● **WHAT YOU ARE ASKED TO DO**
Pictures aside, copy exactly the lines running from the one with "Модель халата с" to the end of the records.

——————————

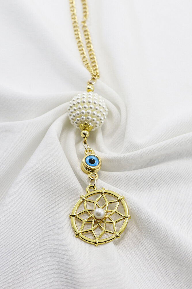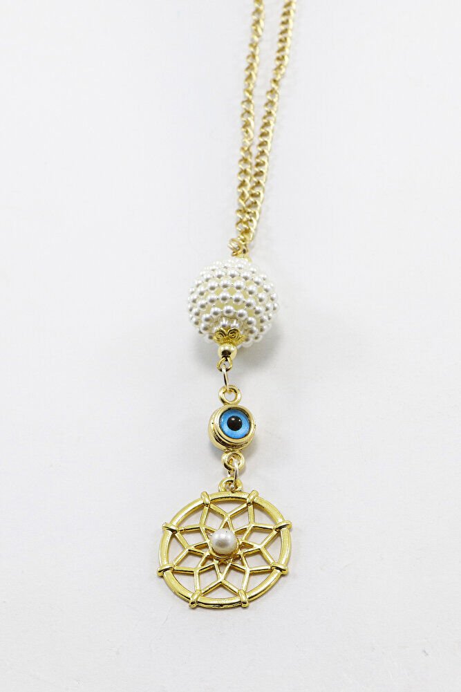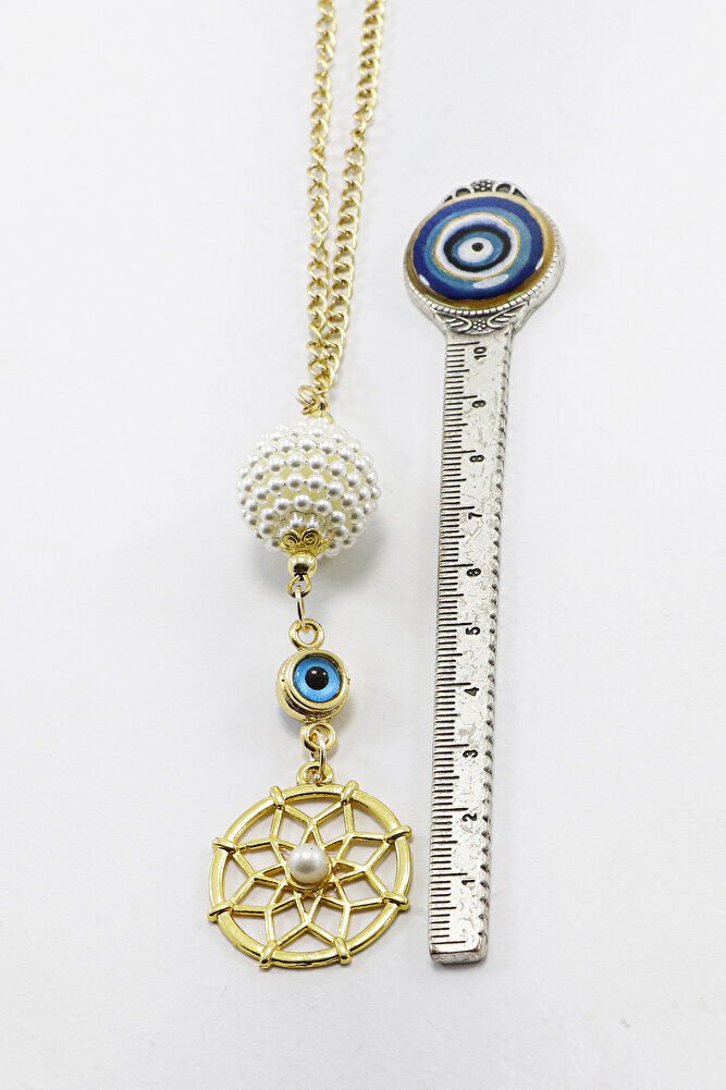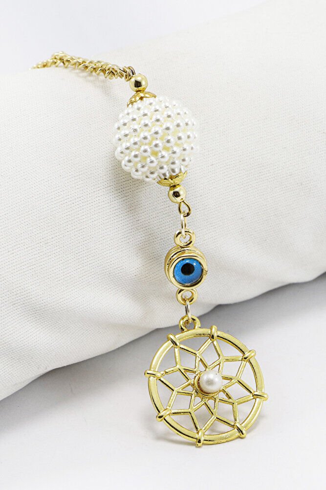 İnci detaylı top boncuğu, nazar boncuğu ve inci merkezli düş kapanı figürüyle tasarlanmış bu gold renkli dikiz ayna süsü, zarafeti ve anlamı bir arada sunar.; Nazar boncuğu kötü enerjilere karşı koruyucu kabul edilirken, rüya kapanı negatif düşünceleri filtrelediğine inanılan güçlü bir semboldür.; Aracınıza hem estetik hem de sembolik bir dokunuş kazandırır.; Yeni araç hediyesi, doğum günü veya özel günler için şık ve anlamlı bir seçenektir.; Görsel temsili olup, ürünlerde el işçiliğine bağlı olarak ufak farklılıklar görülebilir.
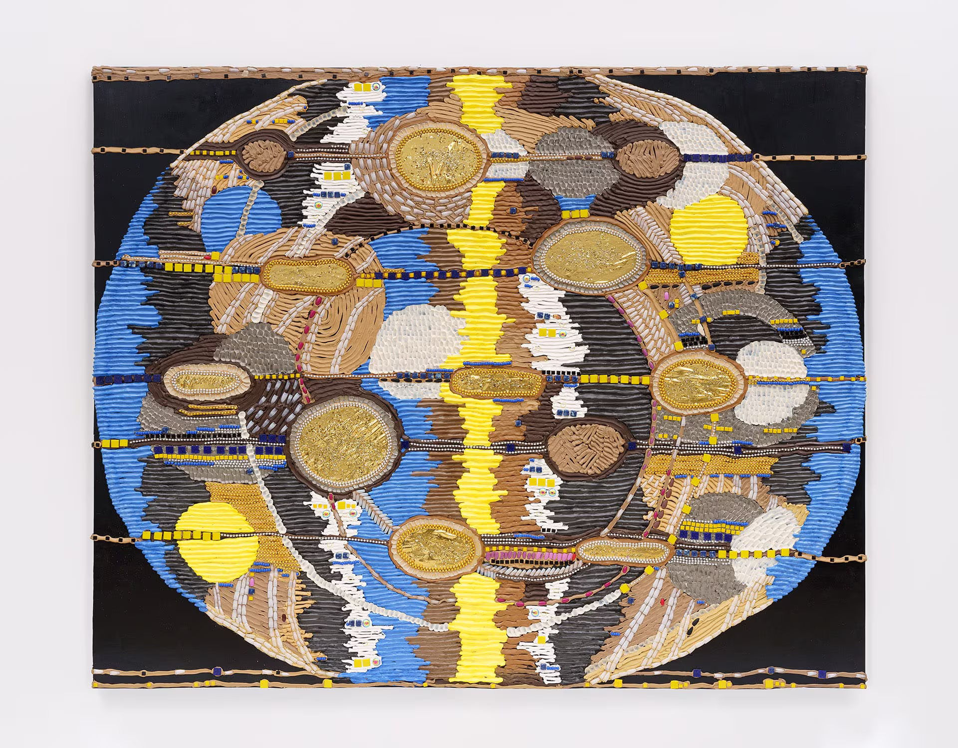 Las instalaciones multimedia de Theresa Weber son una absorvente mezcla de referencias culturales, históricas y mitológicas que reflejan su enfoque conceptual al siempre cambiante nexo de la identidad. Influenciada por los escritos del teórico y poeta caribeño postcolonial, Édouard Glissant, examina las complejidades de la reinvención cultural utilizando motivos tomados de la naturaleza. Su práctica desdibuja el límite entre la escultura y la performance, como se evidencia en Woven Bodies, una escultura colgante y portátil hecha de tela de nailon anudada y tejida, adornada con objetos encontrados. Oscilando entre la opacidad y la transparencia, sus elecciones de material sugieren tanto resiliencia como una frágil sutileza, mientras teje una rica red de narración interseccional. La primera comisión pública y específica del sitio de Weber, Cycles of Unmasking, se exhibió en Somerset House, en 2023, y su primera exposición individual en un museo se abrirá en Alemania, en el Kunstmuseum Bochum, este junio.
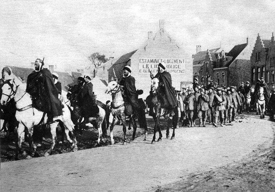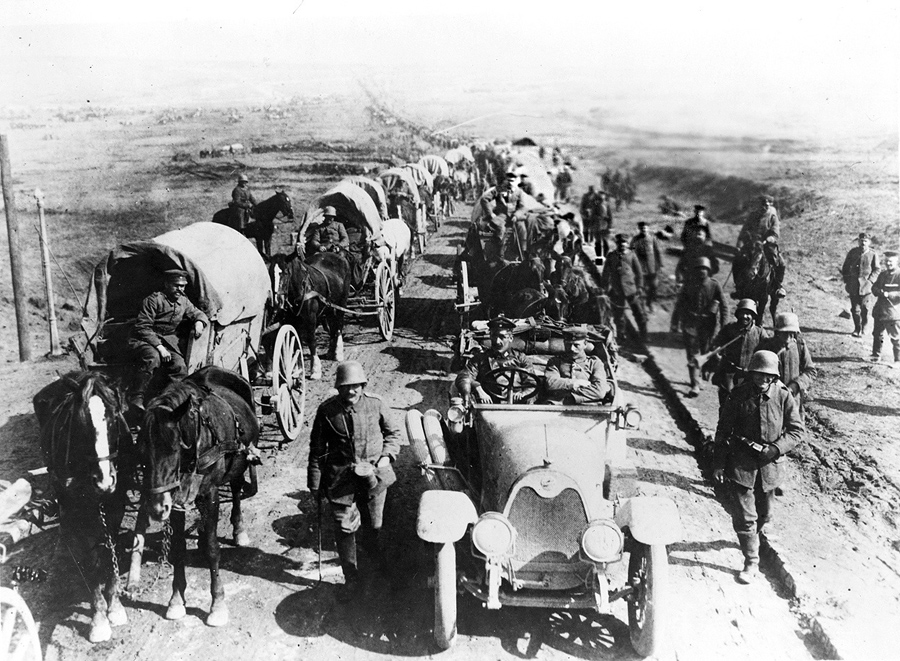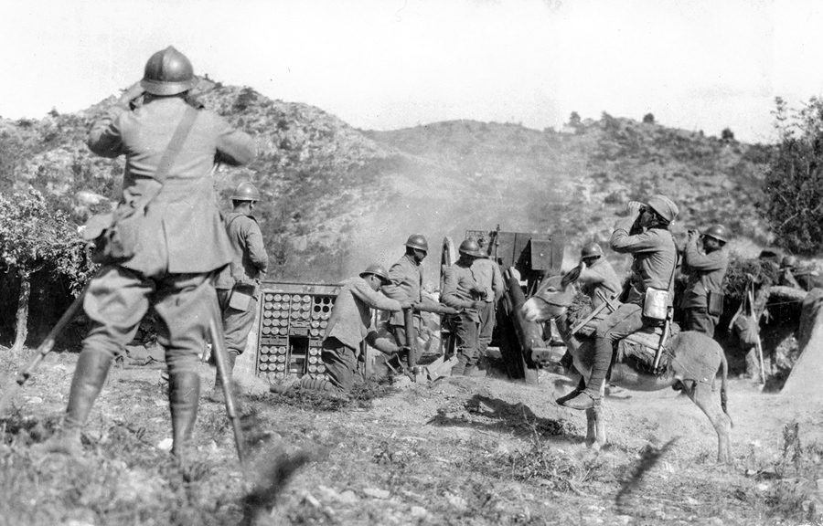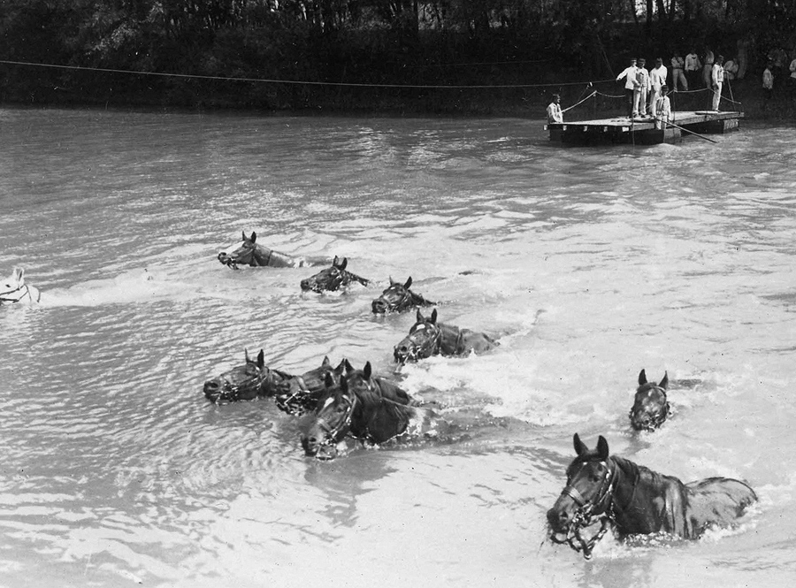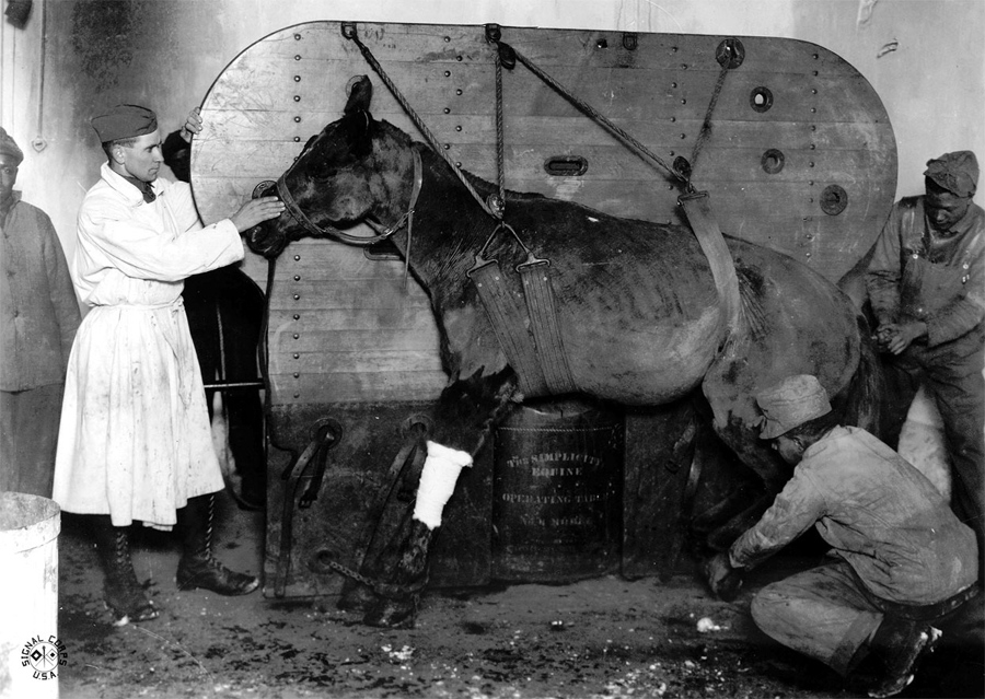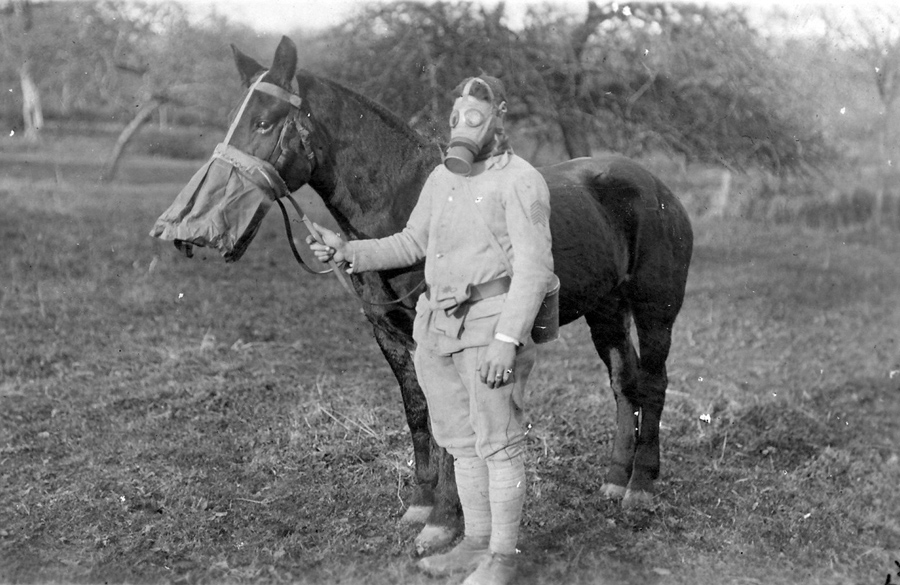 When the war began, Europe's armies had an understanding of warfare that put the use of cavalry in high regard. Soon, however, the deadly terrain that evolved around trench warfare rendered cavalry attacks nearly useless on the Western Front. But the need for constant resupply, movement of new heavy weaponry, and the transport of troops demanded horse power on a massive scale -- automobiles, tractors, and trucks were relatively new inventions and somewhat rare. British and French forces imported horses from colonies and allies around the world, a near-constant flow of hundreds of thousands of animals across the oceans, headed for war. One estimate places the number of horses killed during the four years of warfare at nearly 8 million. Other animals proved their usefulness as well: Dogs became messengers, sentries, rescuers, and small beasts of burden. Pigeons acted as messenger carriers, and even (experimentally) as aerial reconnaissance platforms. Mules and camels were drafted into use in various war theatres, and many soldiers brought along mascots to help boost morale. Only a couple of decades later, at the onset of World War II, most military tasks assigned to animals were done by machines, and warfare would never again rely so heavily on animal power. I've gathered photographs of the Great War from dozens of collections, some digitized for the first time, to try to tell the story of the conflict, those caught up in it, and how much it affected the world. This entry is part 4 of a 10-part series on World War I.
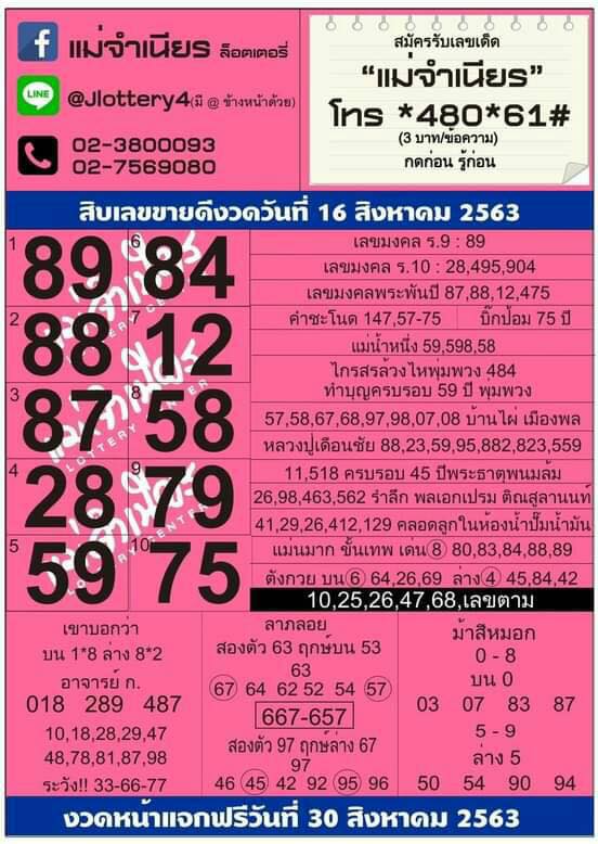 8. หวยแม่จำเนียร 16/8/63 เลขขายดี 10 อันดับ
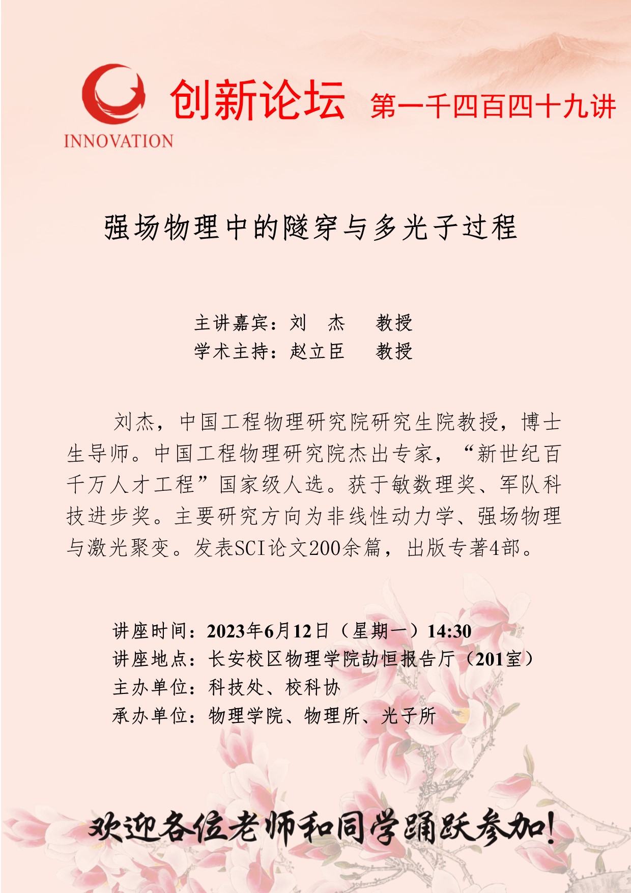 刘 杰 教授 乐投在线创新论坛第一千四百四十九讲:强场物理中的隧穿与多光子过程 讲座时间 2023年6月12日(星期一)14:30 讲座地点 长安校区物理学院劼恒报告厅(201室) 讲座人介绍 刘 杰 教授 讲座内容
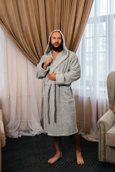 Модель халата с поясом позволяет ему быть универсальным и подходит к любому типу телосложения, скрывая недостатки и подчеркивая достоинства фигуры. Наличие карманов делает его практичным для ношения дома, в бане или сауне, а также на отдыхе.
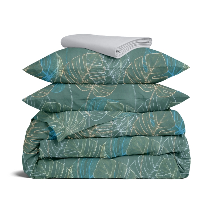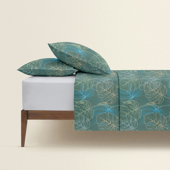 Євро постільна білизна сатин з простирадлом на резинці TROPICAL CALM CS5
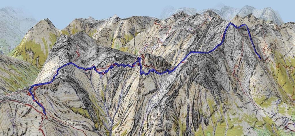 Hier trinken wir wieder etwas, wir sind schon einige Stunden am Weg. Die reine Entfernung und Höhe ist weniger das Problem, es sind die anspruchsvollen Stellen, die immer wieder Zeit kosten.
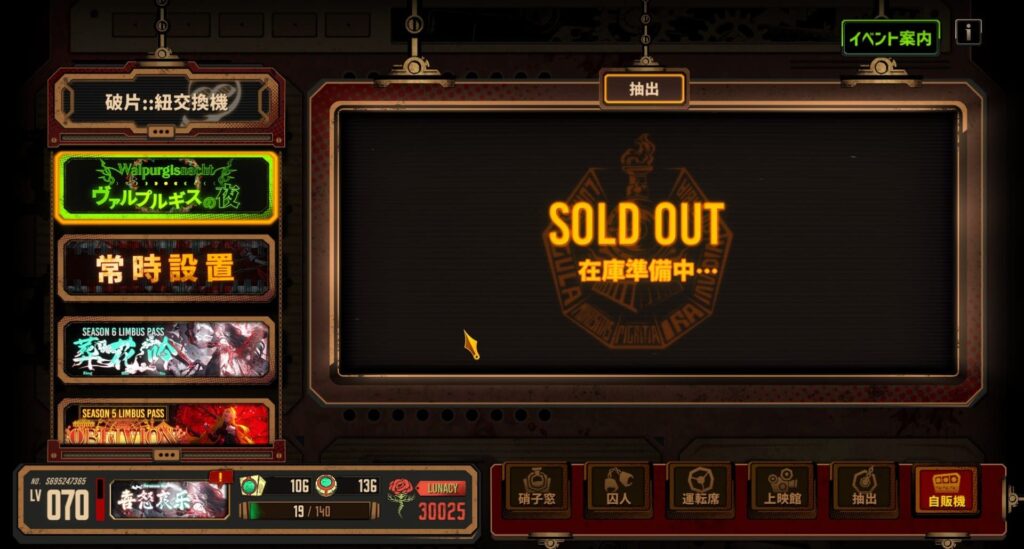 さーて今回ヴァルプルギスの夜のストーリーはないので、経験値採光を手動でひたすら回す予定。

——————————

● **TASK RESPONSE**
 Модель халата с поясом позволяет ему быть универсальным и подходит к любому типу телосложения, скрывая недостатки и подчеркивая достоинства фигуры. Наличие карманов делает его практичным для ношения дома, в бане или сауне, а также на отдыхе.
 Євро постільна білизна сатин з простирадлом на резинці TROPICAL CALM CS5
 Hier trinken wir wieder etwas, wir sind schon einige Stunden am Weg. Die reine Entfernung und Höhe ist weniger das Problem, es sind die anspruchsvollen Stellen, die immer wieder Zeit kosten.
 さーて今回ヴァルプルギスの夜のストーリーはないので、経験値採光を手動でひたすら回す予定。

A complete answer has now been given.